Tauck is hoping to boost its trade relationships as it continues to expand its presence in the UK, following the appointment of Winston Churchill’s granddaughter as its brand ambassador.
Speaking in London last week, Tauck’s vice-president of global sales Steven Spivak said the line was focused on growing its UK business – with agents at the heart of it.
The line opened its first UK office in 2014, and during the past two years has been steadily expanding, creating a sales team of three and a reservation centre, and offering pricing in sterling rather than dollars.
It is now a member of Abta and has its own Atol, while Spivak said the line had also recently joined Aito.
“More than 90% of our business comes through the trade,” he said. “We are nothing without the trade.”

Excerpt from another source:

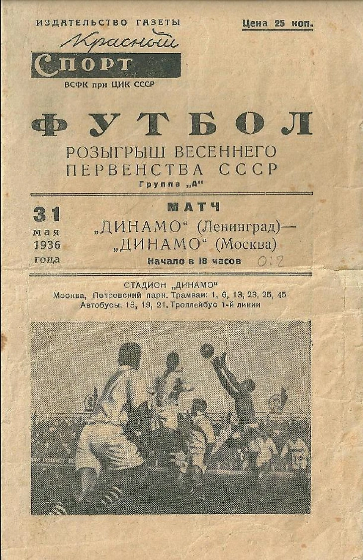 31 мая 1936 года. Сегодня две встречи чемпионата СССР в Москве и Ленинграде

He added that the line’s new “agent certification programme”, which educates agents about the company, had proven particularly beneficial. “We’ve done three of them – two on river cruises and one in the Langham Hotel in London. We’re going to be doing another one in February in the Langham too, with another 50 agents.”

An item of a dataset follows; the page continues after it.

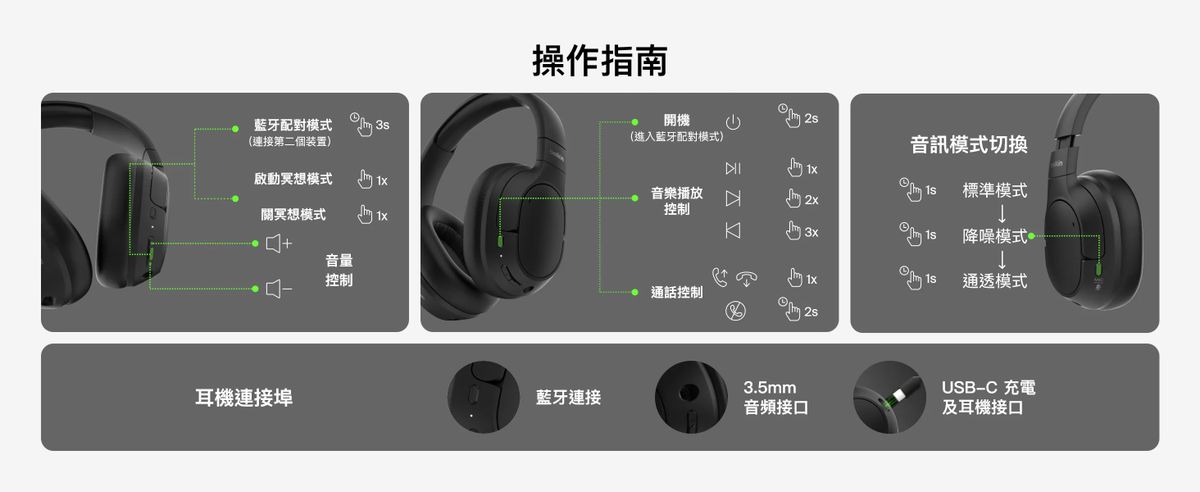 - 聆聽模式選項:Belkin 經典音質、主動噪音取消 (ANC)、通透模式

Tauck also launched a new “partner advisory board” in May, which Spivak said had helped the line better meet the needs of agents.
“We had 15 travel agency owners who came together for a meeting to discuss what they thought of us and what they thought we should be doing more of. It’s about us saying: ‘We don’t have all the answers – we want you to tell us’,” he told TTG.
Spivak said the results from it had been “amazing”. “It’s changed the course of everything that we do”.
The line will also be holding another advisory board meeting with the same agents at the Balmoral Hotel in Edinburgh later this year.
“The trade are everything to us,” Spivak added. “They can give us the endorsement which we could never get on our own.”
Spivak was speaking at an event to mark the news that Celia Sandys had become the line’s new brand ambassador (the two are pictured together above). She spoke of the holidays she took with her grandfather, and revealed that Churchill would have greatly enjoyed river cruising, had it been more common at the time.
“His favourite pastimes were painting and swimming, so anywhere that he could do both of these things were perfect holidays for him,” she added.